Trinity (https://github.com/trinityrnaseq/trinityrnaseq/wiki) has a nice perl script to take care of this for us, so download and install Trinity for these next few steps (we used Trinity v2.5.1). You should run these next two commands from within the Trinity codebase. The script we will use for annotation can be found here: https://github.com/trinityrnaseq/trinityrnaseq/blob/master/Analysis/DifferentialExpression/rename_matrix_feature_identifiers.pl

To perform the annotation, we need two things 1) the sc.counts.matrix and 2) an annotation mapping file for the transcriptome of interest. The annotation mapping file for the the Axolotl.Trinity.CellReports2017.fasta transcriptome is called Axo.Mar2014.Trinotate.xls.annot_mapping and is available above.

rename_matrix_feature_identifiers.pl sc.counts.matrix Axo.Mar2014.Trinotate.xls.annot_mapping > sc.counts.annotated.matrix

create representative gene count matrix

Since the transcriptome we used has a lot of isoforms, we collapsed these down to one representative isoform. Perl script can be found here: https://github.com/trinityrnaseq/trinityrnaseq/blob/master/util/misc/trinity_trans_matrix_to_rep_trans_gene_matrix.pl and again run from the Trinity codebase.

trinity_trans_matrix_to_rep_trans_gene_matrix.pl sc.counts.annotated.matrix > sc.counts.annotated.matrix.repGene

This count matrix is now ready to go into an analysis software. We used Seurat (https://satijalab.org/seurat/) for our manuscript!

Appendix 1: Parallelizing the analysis steps

Analyzing only parts of the project.

Most parts of the analysis can be filtered by specifying a list of sequencing runs, a list of sequencing libraries, or both. When a filter is provided, the analysis will only be carried out on data matching the filter.
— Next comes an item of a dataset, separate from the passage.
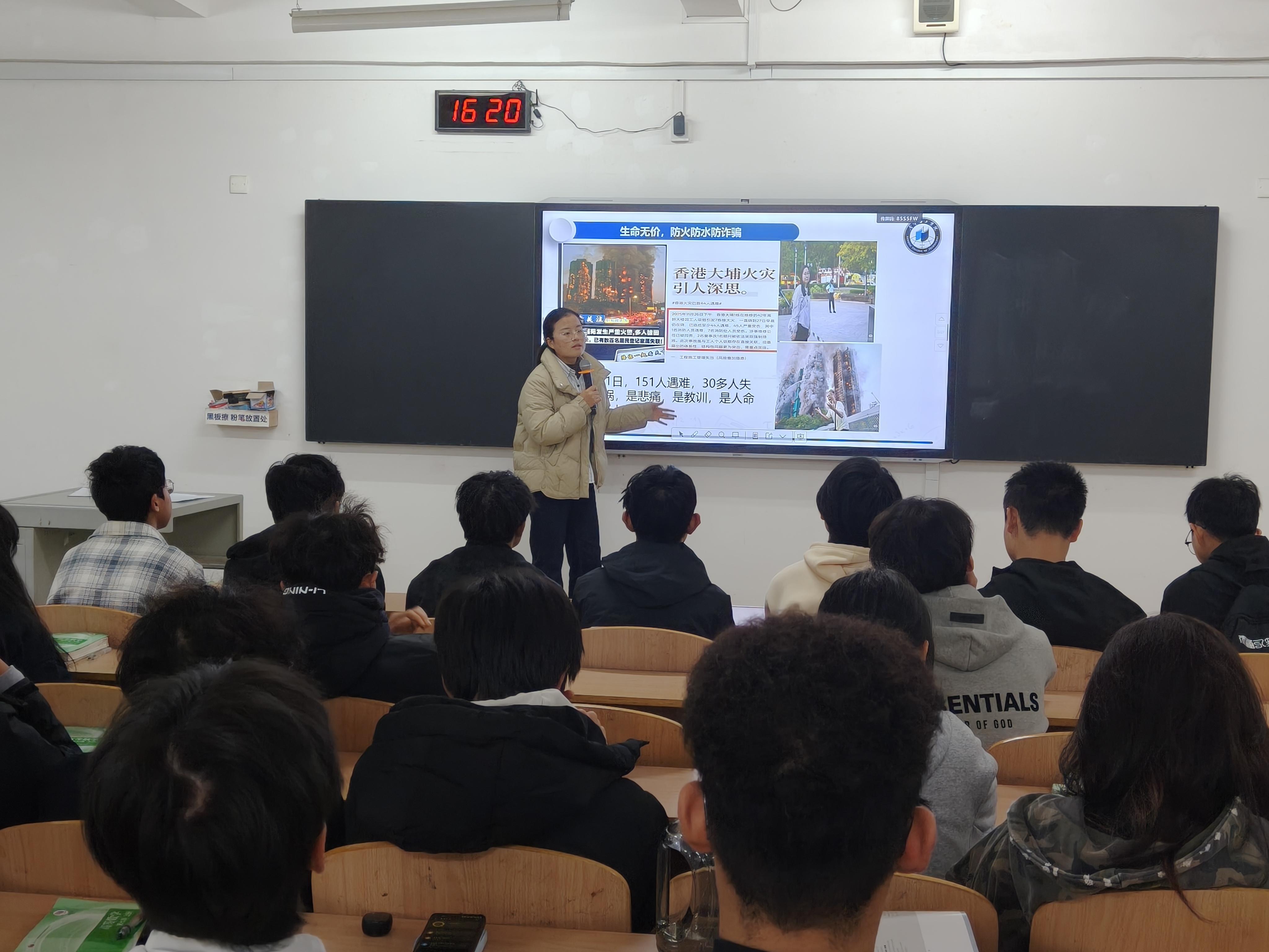 班会以香港大埔宏福苑重大火灾事故为警示案例,深入剖析安全隐患危害,明确宿舍用水用电规范及防诈骗核心准则,为学生校园生活筑牢安全屏障。结合案例强调,校园宿舍作为人员密集场所,任何微小的安全疏忽都可能引发严重后果,必须以此次事故为镜,时刻绷紧安全之弦。
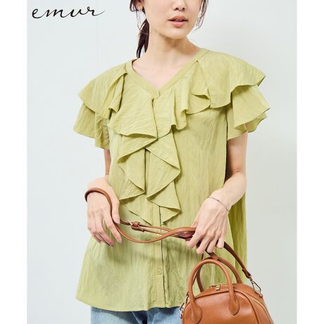 ・ラッフルカラーとフリルスリーブを重ねた前開きブラウス。

Every part of the analysis can be filtered based on both libraries and sequencing runs.

# Will filter all parts from runs Run5 and Run6:
python indrops.py test_project.yaml filter --runs Run5,Run6

# Will sort all parts from all runs of libraries test_lib3 and test_lib4:
python indrops.py test_project.yaml sort --libraries test_lib3,test_lib4

Dividing the analysis between jobs

Most parts of the analysis can easily be divided for concurrent processing in different jobs, by specifying the total number of jobs (--total-workers) and the index of the current worker (--worker-index).

# Submitting the 20 commands below would filter all run parts within the project in 20 different parts.
python indrops.py test_project.yaml filter --total-workers 20 --worker-index [0-19]

Appendix 2: Using a custom Python environment on the a cluster

How to install conda and create a new environment

Download Miniconda (the anaconda package manager, without all the packages)

mkdir -pv /user_owned/path
cd  /user_owned/path
wget https://repo.continuum.io/miniconda/Miniconda-latest-Linux-x86_64.sh

Install Miniconda

bash Miniconda-latest-Linux-x86_64.sh
# Agree to license with “yes”, and choose to install in a directory that is user owned.
# I installed it in: /groups/klein/adrian/miniconda

Create a new Python environment (in this example, in /groups/klein/adrian/pyndrops) install Python2.7, Numpy, Scipy, Pandas, Matplotlib, PyYaml, PySAM

conda create -p /groups/klein/adrian/pyndrops python numpy scipy pandas pyyaml matplotlib pip
source activate /groups/klein/adrian/pyndrops
pip install pyfasta pysam==0.9.1

Appendix 3: Installing Samtools 1.3.1

mkdir -pv SAMTOOLS_DIR
cd SAMTOOLS_DIR
wget https://github.com/samtools/samtools/releases/download/1.3.1/samtools-1.3.1.tar.bz2
tar xvfj samtools-1.3.1.tar.bz2
cd samtools-1.3.1
make
make prefix=. install

Now add SAMTOOLS_DIR/samtools-1.3.1/bin/ as the samtools_dir in your project YAML file.